Report: Apple Moves User Data To China, Despite Privacy Concerns

A customer stands underneath an illuminated Apple logo as he looks out the window of the Apple store located in central Sydney, Australia, May 28, 2018.
July 18, 2018 Topic: Technology Blog Brand: The Buzz Tags: AppleTechnologyCloudCloud ComputingInternetChina

Report: Apple Moves User Data To China, Despite Privacy Concerns

A bad move? 

Apple recently gave control of certain user data to a Chinese state-owned telecommunications operator, after moving the information earlier in the year, according to multiple reports.

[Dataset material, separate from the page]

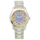 This Kaleidoscope Watch serves as a mandala for meditation, a focal point for the imagination, and as a functional timepiece. Kinetic Collage kaleidoscope compositions are created from special effects performance art screen capture images. Each unique image’s name is based on some special characteristic of the composition, or on whimsy. If you gaze at this Kaleidoscope Watch  long enough, time will stand still. Brilliant colours paint the screen in projected syncopation. Exotic shapes shift and careen, spinning vision with sensation. A crazy scene and that’s a fact. Making sense seems out of reason. But when you snap a slice intact — there’s potential for cohesion. Copy and paste it, flip and seal. Repeat until the arc’s complete. Construct it so it will reveal a bright kaleidoscopic treat. Thus from chaos, a balanced form. Perfect in pleasing symmetry. If only life would so conform, we all could live in harmony. Please note: If you wish to have any Zazzle product imprinted with one of my arts, let me know your preferences and I’ll make it happen. I can be reached at; Greg Lloyd, Kinetic Collage, kineticcollage@cox.net, or http://www.greglloydstudios.com     All greg_lloyd_arts store arts, images and descriptive text copyright Greg Lloyd 1967-2012

Based off of a social media post published Tuesday by China Telecom, the company has taken charge of Apple’s iCloud system for Chines users, TechCrunch reports. Before, users in that country had their cloud data stored in American-based servers, meaning that law enforcement requests had to go through the U.S. legal process. Now, Chinese authorities can go through their own courts, and will make demands to a company that is owned by the government, and thus likely has a submissive relationship.

Apple has said in the past that it has to operate in complete compliance with China’s rules — even if that means cooperating with a country that has been voted the worst abuser of internet freedom for three years in a row, taking the dishonor over countries like Iran, Cuba, Syria, Pakistan, Saudi Arabia, and Russia.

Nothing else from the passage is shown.